Он сунул в руки Хоттабычу свежий номер «Пионерской правды» и поехал в школу.

Огромное здание было непривычно пустынно. Только в кабинете директора Павел Васильевич с заведующим учебной частью и учителем географии обсуждали заключительную часть отчётного годового доклада, который они составляли для отправки в районный отдел народного образования, да на третьем этаже гулко раздавались весёлые голоса маляров и штукатуров: начинался летний ремонт.

— А-а-а, хрустальный купол небес! — шутливо приветствовал Вольку директор. — Выздоровел?

— Выздоровел, Павел Васильевич. Я совсем здоров.

— Ну вот и отлично! Подготовился?

— Подготовился, Павел Васильевич.

— Ну что ж, давай, в таком случае, потолкуем.
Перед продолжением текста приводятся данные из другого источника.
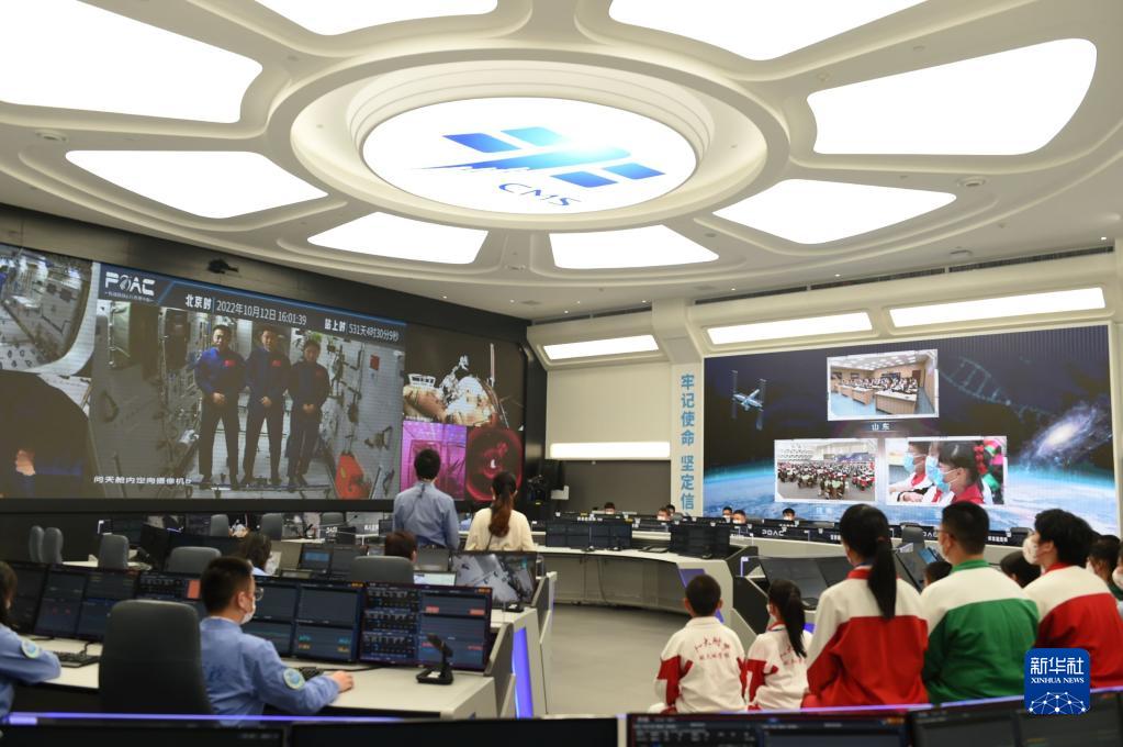 10月12日,在中科院空间应用工程与技术中心地面主课堂,学生收看“天宫课堂”第三课。新华社记者罗晓光摄

Они толковали по всему курсу географии за шестой класс. Если бы Волька догадался засечь время, он убедился бы с удивлением, что беседа продолжалась почти двадцать минут. Но он не имел времени смотреть на часы. Ему казалось, что директор недостаточно подробно его спрашивает, ему хотелось на каждый вопрос отвечать пять, десять минут. Он испытывал томительное, и в то же время блаженное чувство ученика, который знает предмет назубок и больше всего боится, как бы это не осталось не замеченным теми, кто его экзаменует. По лицу Павла Васильевича он давно уже видел, что тот доволен его ответами, и всё же, когда Павел Васильевич наконец сказал: «Молодец! Теперь видно, что тебя не зря учили», Волька почувствовал, как по его телу пробежал приятный холодок, а его веснушчатая физиономия, помимо его желания, расплылась в такую широкую улыбку, что и директор, и завуч, и учительница географии тоже заулыбались.

— Да, — сказал завуч, — сразу видно, что Костыльков серьёзно поработал, по-пионерски.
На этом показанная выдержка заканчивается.